The website’s speed has more than tripled, Zients said, with 400 bugs fixed. That includes 50 bug fixes made Saturday night alone, including some to the so-called back-end system affecting insurers.

The new team, which included existing contractors and volunteers from the private sector, has fixed the registration database, Zients said.

“This is where we experienced a huge bottleneck when the site first launched,” he said. Now its capacity has been quadrupled. “Many more users can create new accounts and log on. In effect, we widened the system’s on-ramp. It now has four lanes instead of one or two.”

Experts say one way to tell whether the site is really working is when the insurance companies selling products on the site start advertising them.

The Health and Human Services Department promises to report by mid-December on how many people have managed to sign up for health insurance on the site so far. In October, just 26,000 managed to sign up using the federal website, which is serving 36 states. Some of the state-run websites have done much better, with more than 75,000 signed up in New York alone. New York is one of the states running its own website.

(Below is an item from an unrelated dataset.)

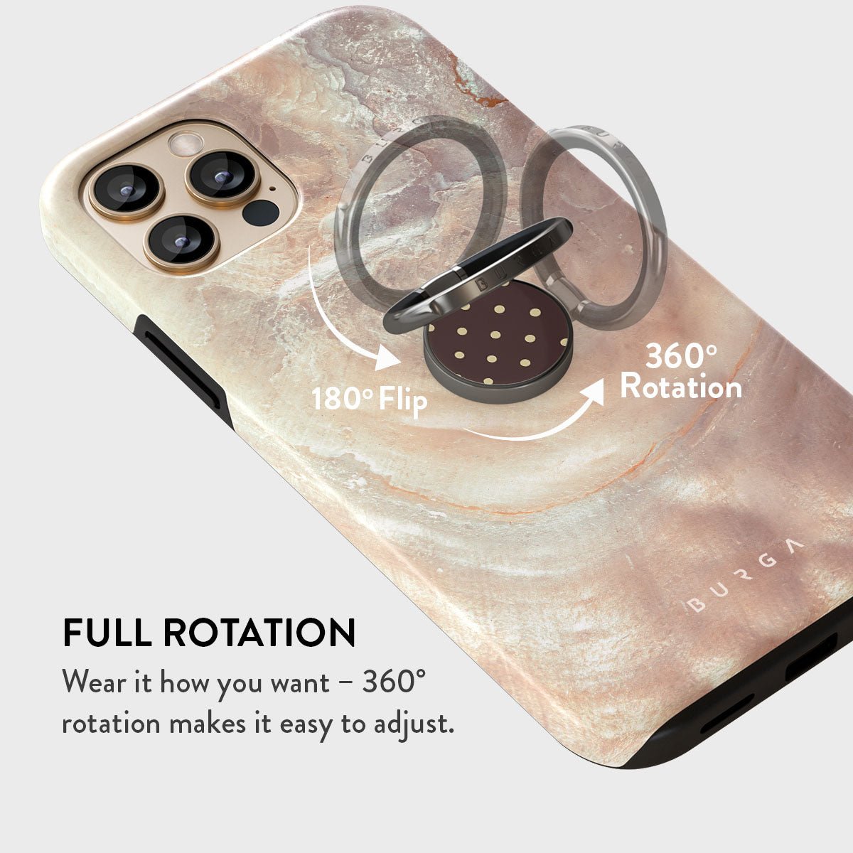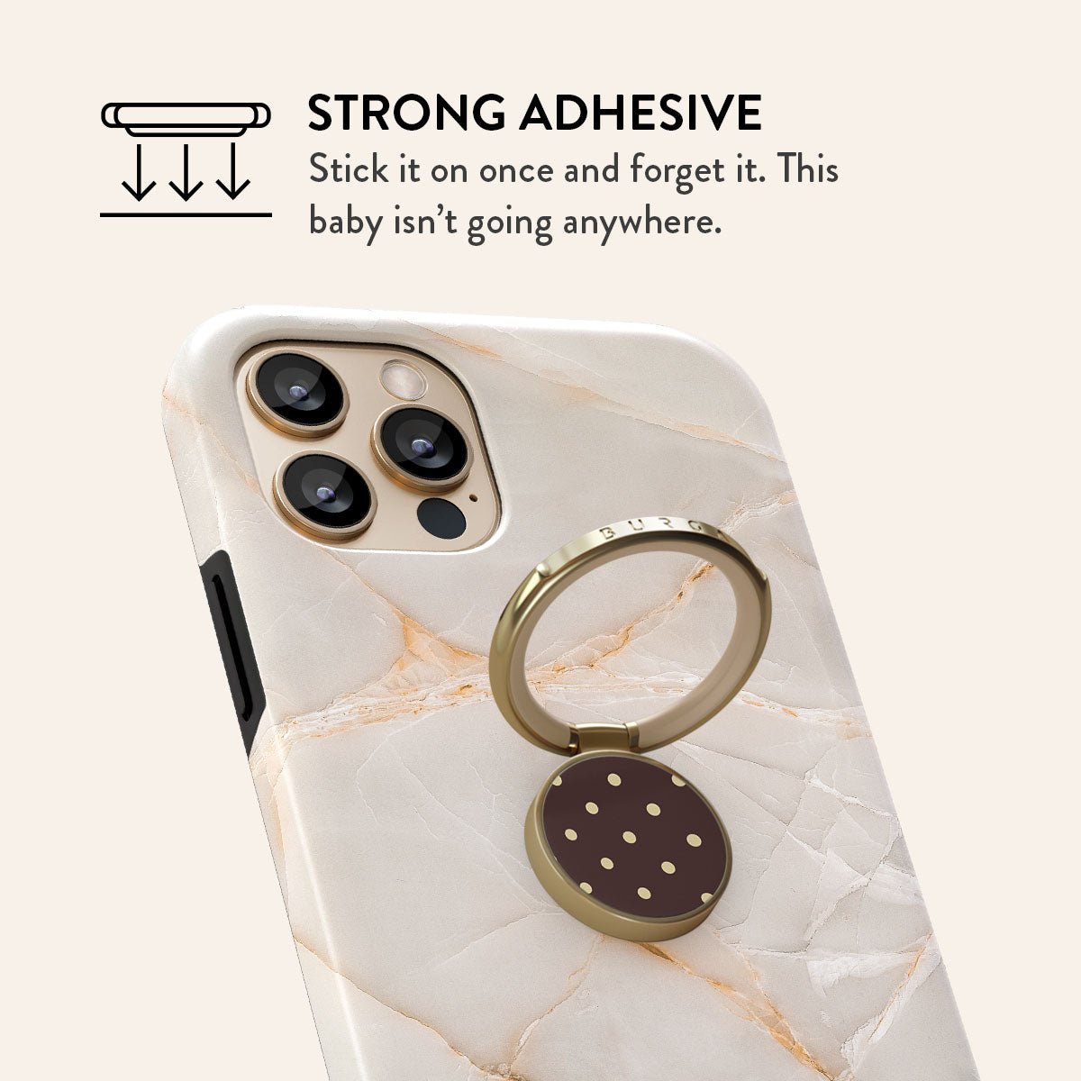 Meet the BURGA Phone Ring Holder: the tiny hero your phone didn’t know it needed. Pop it on the back of your phone. loop a finger through. and voilà! — your tech stays in place. effortlessly. Now that’s what we call hands-on security.

Julie Bataille, a spokeswoman for the Centers for Medicare and Medicaid Services, which runs the website, said while the experience is “vastly improved,” as with any website “there is not a magic moment”.

One of the latest complaints from users: If they forgot their passwords, the button to get a reminder was broken. That was one of the glitches fixed over the weekend, Bataille said, although it may take a while for customers to notice all the repairs.

Bataille said CMS has been working on another goal – a system that would allow people to directly enroll with an insurance company instead of using the government site. She said there’s been good feedback from a pilot program involving 16 issuers in three states.

Because of all the website troubles, the Obama administration has given people an extra week to get signed up. People have until Dec. 23 to get enrolled for insurance coverage that will start on the first possible date, Jan. 1. People have until March 31 to get covered for 2014. Anyone going without health insurance, wither private insurance, Medicare or other government insurance, may have to pay a tax.